A Viridis Mining and Minerals, uma mineradora australiana, está dando passos significativos no desenvolvimento do projeto Colossus, localizado em Poços de Caldas, Minas Gerais. Recentemente, a empresa anunciou a captação de US$ 120 milhões em investimentos, que serão utilizados para financiar a fase de engenharia e aquisição de equipamentos necessários para o início das operações, previsto para 2028.
Esse projeto não só representa um avanço na exploração de terras raras no Brasil, mas também uma estratégia inteligente para agregar valor ao produto final através do refino. A inclusão de um circuito de refino no projeto Colossus é um marco importante para a indústria de terras raras no país.

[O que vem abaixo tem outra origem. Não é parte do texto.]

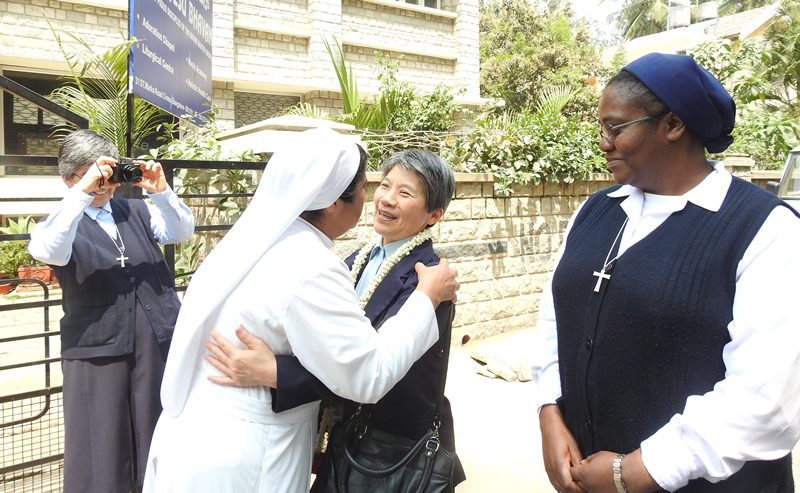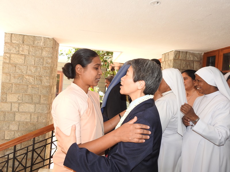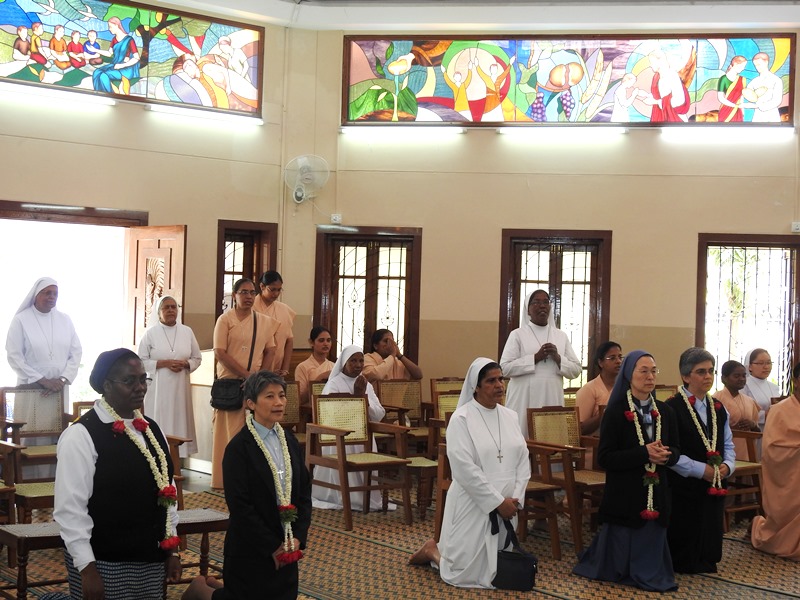 Then, they were led to the Chapel for a brief moment of prayer. The community is composed of: Provincial Government, Sisters, seniors as well as juniors and Candidates of the Indian Province.

Investimentos e parcerias estratégicas
A Viridis conseguiu garantir investimentos de diversos parceiros. A gestora global One Investment Management (OneIM) se comprometeu a aportar até US$ 75 milhões. Além disso, investidores estratégicos como ORE Investments e Régia Capital anteciparam US$ 5 milhões e outros investidores institucionais, majoritariamente brasileiros, contribuíram com cerca de US$ 40 milhões.
Com esses recursos, somados a US$ 14 milhões em caixa e US$ 20 milhões disponíveis em um acordo anterior, a Viridis possui aproximadamente US$ 154 milhões em capital próprio, superando a necessidade estimada de US$ 135 milhões para viabilizar o projeto.

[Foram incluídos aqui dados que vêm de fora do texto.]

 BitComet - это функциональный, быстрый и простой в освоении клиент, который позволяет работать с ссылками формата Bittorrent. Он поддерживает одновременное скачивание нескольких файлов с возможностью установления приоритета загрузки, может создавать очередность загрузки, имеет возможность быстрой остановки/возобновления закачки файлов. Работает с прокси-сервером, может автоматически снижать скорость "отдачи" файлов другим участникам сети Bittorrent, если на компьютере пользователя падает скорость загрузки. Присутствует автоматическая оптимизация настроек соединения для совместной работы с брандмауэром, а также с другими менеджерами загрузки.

Avanços tecnológicos e refino de terras raras
O projeto Colossus prevê um investimento total de US$ 449 milhões com uma produção anual estimada de 9 mil toneladas de carbonato misto refinado de terras raras. A inclusão de um circuito de refino, que custará quase US$ 50 milhões permitirá à Viridis produzir um carbonato misto refinado com maior valor agregado.
O circuito de refino utiliza tecnologia da empresa belga Solvay para realizar a extração por solvente de lantânio, um elemento de baixo valor de mercado, ampliando a concentração de terras raras magnéticas de maior valor. Essa etapa é crucial para elevar a qualidade do produto final, que será destinado principalmente ao mercado europeu.
Perspectivas futuras e desafios regulatórios
A Viridis está concentrando seus esforços na obtenção de contratos de venda de produção (offtake), na estruturação da dívida de longo prazo e na preparação para a decisão final de investimento, prevista para o quarto trimestre de 2026. A expectativa é iniciar a construção do projeto em 2027 e a produção comercial em 2028.
Enquanto isso, o Brasil discute um marco legal do setor que permitirá ao governo vetar parcerias estrangeiras. O projeto de lei, que já foi aprovado na Câmara dos Deputados e está no Senado, amplia os poderes do Executivo para regulamentar o setor e cria uma política para os minerais críticos voltada à defesa da soberania nacional e ao incentivo ao refino de minérios no Brasil.
O presidente Luiz Inácio Lula da Silva (PT) tem demonstrado interesse no encaminhamento da pauta no Senado, após reaproximação com o presidente da Casa, Davi Alcolumbre (Republicanos-AP). A proposta visa garantir que o Brasil não se torne mero exportador de commodities, mas sim um player relevante na cadeia de valor das terras raras.